End of the free market for mortgages

It seemed bold - or crazy - when it started. But after less than 14 years, New Zealand's experiment with leaving home lending almost entirely to the free market is about to end.

Wednesday, March 9th 2005, 6:15AM

by The Landlord

Jim Bolger's National Government put the state-owned Housing Corporation on a commercial basis in July 1991. All its mortgages to first-home buyers, which had been below market interest rates since 1906, were to be moved to full market rates and sold.

A year later, the first third of the corporation's mortgages were sold for around $1 billion. The rest followed over the next six years.

Private lenders filled the gap with gusto. Apparently limitless credit fuelled a rise in the prices of low-end houses in Auckland from 3.4 times the income of a typical low-income working family in 1991 to 5.1 times the typical low income a decade later.
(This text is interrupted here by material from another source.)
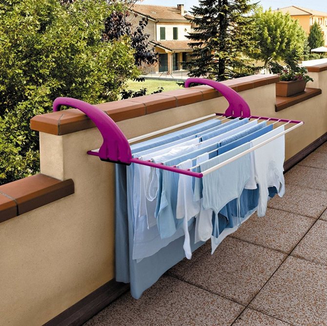 Si la taille du balcon le permet, vous pouvez utiliser un simple séchoir pliant, qui ne nécessite pas d'installation.

But as prices soared, the proportion of homes owned by the people who live in them, once the highest in the world, dropped from 73.8 per cent in 1991 to 68 per cent.

Now Prime Minister Helen Clark has signalled that the free-market experiment is over. Already Kiwibank - ironically, chaired by Bolger - has made 750 loans totalling $87 million under a pilot state-backed mortgage insurance scheme to help low-income people into homes. More is promised in the Budget on May 19.